How to Prep Unstructured Data for Cloud Analytics and AI

This article has been adapted from its original version on TDWI.

More than half of IT leaders report that their organizations are managing 5PB or more of data and most (68 percent) are spending more than 30 percent of their IT budget on data storage, backups and disaster recovery, according to the Komprise 2022 State of Unstructured Data Management.

[Update: The third-annual industry survey reports that preparing for AI is the leading data storage priority and unstructured data management challenge.]


Five petabytes is a lot of data (about 1.25 billion digital photos’ worth, for example) and much of it is unstructured, meaning that it doesn’t fit neatly into rows and columns in a database. This data — such as log files, IoT sensor data, microscopic data, user documents and medical images — is an untapped gold mine for the nascent field of unstructured data analytics.

With advances in cloud computing, machine learning (ML), and AI tools, unstructured data analytics is now a prime opportunity. Today there are a multitude of cloud-based ML and AI services for different use cases — from image and audio pattern recognition to personally identifiable information (PII) identification.

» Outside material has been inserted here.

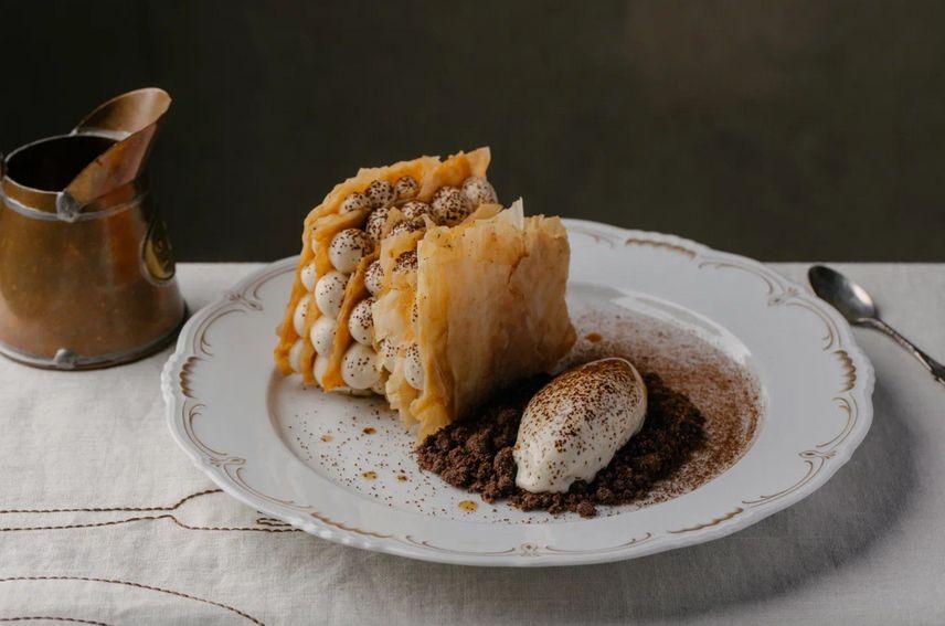 Тончайшее карамелизированное тесто фило и крем с добавлением эссенции из домашнего яблочного сидра. Подаем с домашним ванильным мороженым, шоколадным крамблом и цикорием. Рекомендуем с рюмочкой лимончелло!

Some interesting and valuable use cases for unstructured data analytics include medical insurance fraud detection, autonomous vehicle testing, malicious actor detection, precision medicine and customer sentiment analysis of call center audio files.

Top Challenges for Unstructured Data Analytics

The Komprise survey showed that 65 percent of organizations plan to or are already investing in delivering unstructured data to their new analytics/big data platforms. To be successful in unstructured data analytics, you must jump through several hurdles compared to the relatively straightforward process of mining structured data in databases and spreadsheets. Gartner analyst Doug Laney introduced the 3Vs concept in a 2001 MetaGroup research publication, 3D Data Management: Controlling Data Volume, Variety, and Velocity.

When it comes to unstructured data, these challenges include:

Volume of data. Because there is so much data in organizations today, you can’t feasibly or affordably analyze it or copy it all to a cloud service or big data platform. Efficiently finding the right unstructured data across on-premises, edge, and cloud silos and then moving it to an analytics tool is a prominent hurdle today.  We addressed these challenges with the 2022 release of Smart Data Workflows. Adding to this pain is the prevalence of duplicate data. A research group may have teams of people working on the same data set and therefore multiple copies exist across different file shares and geographic locations.

Variety of data. Unlike structured data, unstructured data encompasses many different file types across video, audio, logs, lab notebooks, IoT and documents. Thus, understanding what types of files match with which data or cloud service is imperative so you’re always using the right tool for the right job. For example, looking for PII in documents is entirely different than finding all images that contain dogs. Different analytics techniques are needed to process different types of unstructured data.

Velocity of data. Data is piling up fast and because of its speed and volume, you can’t often act on it fast enough to place unstructured data into the appropriate storage technology or data lake for analysis. What comes to mind is the iconic “I Love Lucy” episode where Lucy and Ethel fail at their candy factory job once the conveyor belt speeds up, leaving no time to wrap the chocolates and resulting in plenty of waste. Businesses need automation to manage unstructured data because it is impossible to manually handle the velocity, variety and volume of this data.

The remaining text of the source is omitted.